You may not believe this, but Dad was actually married and divorced before he met my mother. (The man does believe in the institution of marriage – and loves women – one at a time!) So, Kim and I have a half brother and sister (That sounds so weird, like “Top half or bottom half? Left side or right? Is that half a brother and half a sister?” Anyway…) So they have a mother different from our mother, which is interesting – siblings with different mothers –what relation is Floretta to me? How do I think about my love for her on their behalf? It’s another curious thing.
And I’m married to Laura Camille Evans Crawford, the love of my life, who has given me two beautiful children, Camille who is now 16, and Russell who is now 10. So I’m married to a mother as well. It is wonderful to see how mothering works “from the side” as it were, rather than from below. Eventually I’ll get to see it, perhaps, from above, if Camille and Russell get married and have children. For now, I watch and learn a new view of motherhood. I see its challenges differently now. I know what it is to hear a mother regret that she doesn’t or can’t do more for her kids, when I know she does so much. I know what it is so watch her cheer for them and grieve for them, and want to wring their necks, and to share together in all of that with her – our experiences distinct, but together.

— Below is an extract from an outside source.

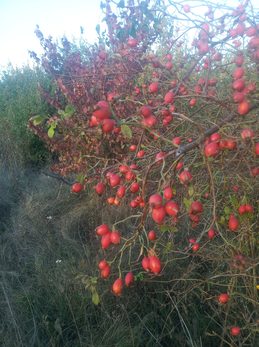 Шиповник собирали уже глубокой осенью, можно было бы, наверное, набрать побольше, но мы были проездом около этого куста, а потом так и не дошли руки. В следующем году наберу хотя бы так, чтобы 700г банка сушеного вышла, больше мне не надо.
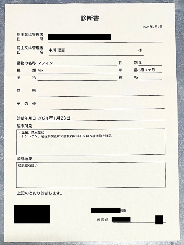 ページ上に掲載している診断書や診療明細書などの資料は全て動物病院から掲載の許諾を得ております。

I treasure Laura as my friend and wife, and particularly, this weekend, as the gift of motherhood she is to our children, for I know how precious that gift is, and I know that generations will be blessed because of her loving care for them.
Finally, I watch mothers. I watch our sister Carol, our cousins, our friends, our neighbors, our church family, community colleagues, and strangers at the park or the store. I watch the women who do not have children of their own, like our beloved Kimberly, yet who shower so many children with a mother’s love – particularly those who seem to be getting short changed by the world somehow. I marvel at the diversity of what it means to be a mother, when the essentials are so basic and share such clear commonality. Mothers love unconditionally. Mothers nurture, feed and tend. Mothers protect and defend. Mothers hover and smother. Mothers worry and fret. Mothers hope and dream and pray. Mothers receive, and they give, they cling tightly, and they let go. But mothers never really let go, any more than we let them go. They are, in that way, like God. Always with us, even if we can’t see, hear or feel them. Always loving and being loved, we are never out of their thoughts, even if they are out of ours. I thank God for the mothers in my life.